**WHAT YOU ARE ASKED TO DO**: Every word in the data below belongs in your copy, exactly as given; the pictures do not.

(Beginning of DATA BELOW)

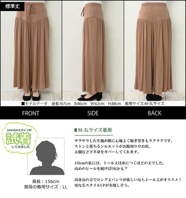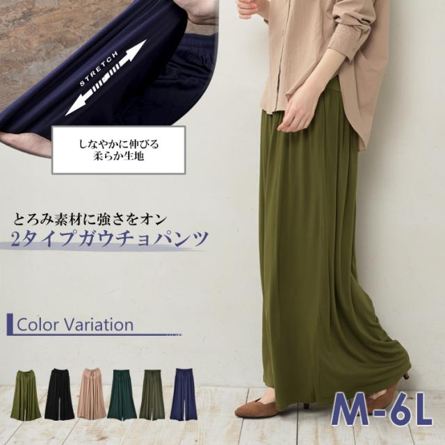 送料無料※沖縄/北海道対象外 大きいサイズ レディース ガウチョパンツ フレアパンツ ワイドパンツ リラックスパンツ とろみ素材 体型カバー
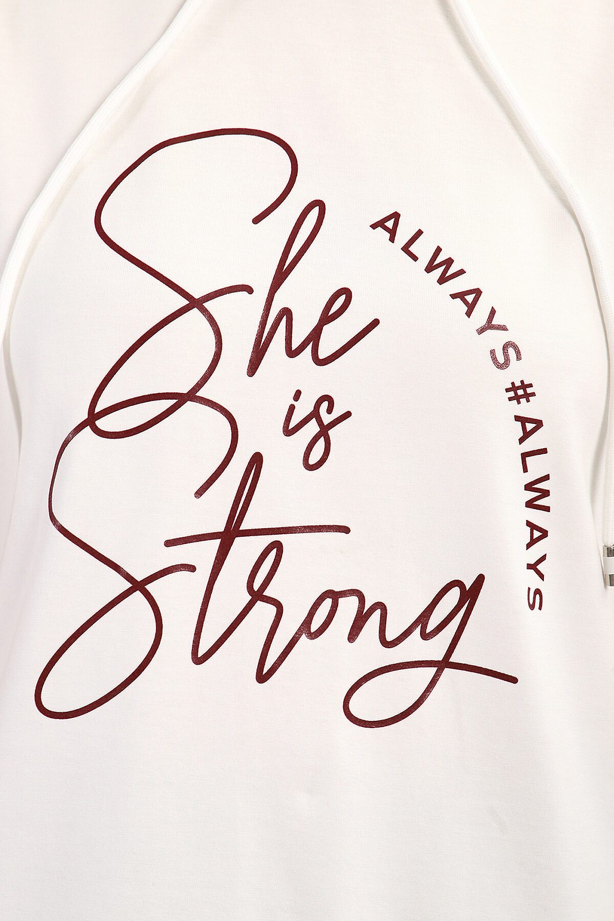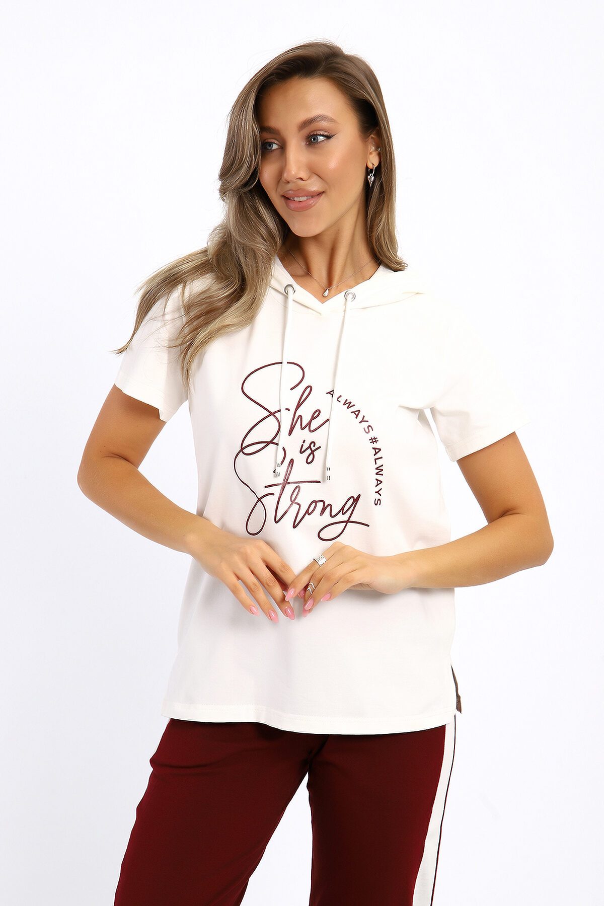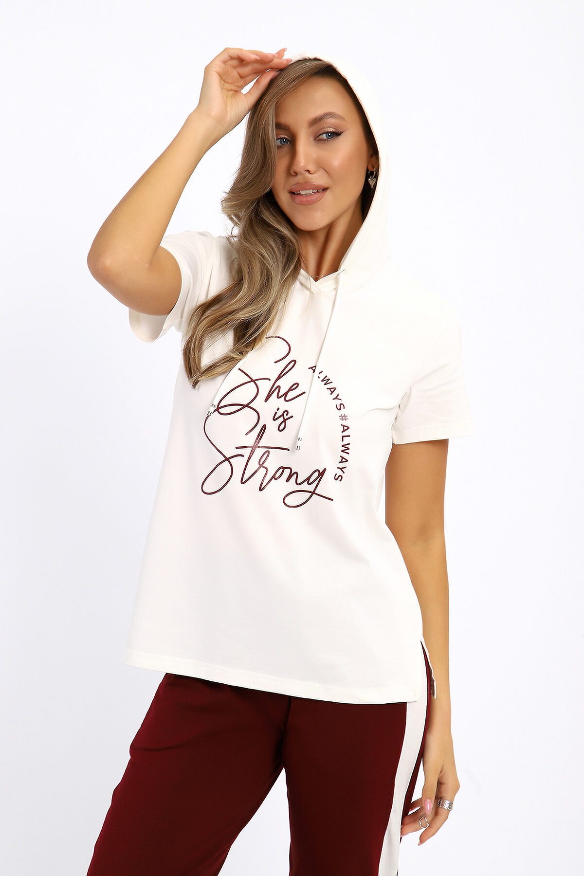 Удобный, женственный трикотажный костюм со спортивной ноткой подарит вам чувство комфорта и позволит выглядеть сногсшибательно в любой ситуации! Костюм прекрасно подойдет для занятий спортом, пробежек или прогулок! Кофта белого цвета, с надписью латинскими буквами в цвет брюк, имеет капюшон, способный защитить волосы от солнечных лучей, ветра или дождя. Объем капюшона регулирует изящный шнурок. На брюках имеются лампасы белого цвета, гармонирующие с цветом кофты.
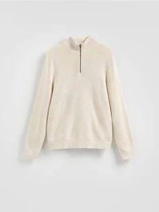 Reserved - Sweter z rozpinanym golfem - beżowy

(End of DATA BELOW)

**TASK SOLUTION**:
 送料無料※沖縄/北海道対象外 大きいサイズ レディース ガウチョパンツ フレアパンツ ワイドパンツ リラックスパンツ とろみ素材 体型カバー
 Удобный, женственный трикотажный костюм со спортивной ноткой подарит вам чувство комфорта и позволит выглядеть сногсшибательно в любой ситуации! Костюм прекрасно подойдет для занятий спортом, пробежек или прогулок! Кофта белого цвета, с надписью латинскими буквами в цвет брюк, имеет капюшон, способный защитить волосы от солнечных лучей, ветра или дождя. Объем капюшона регулирует изящный шнурок. На брюках имеются лампасы белого цвета, гармонирующие с цветом кофты.
 Reserved - Sweter z rozpinanym golfem - beżowy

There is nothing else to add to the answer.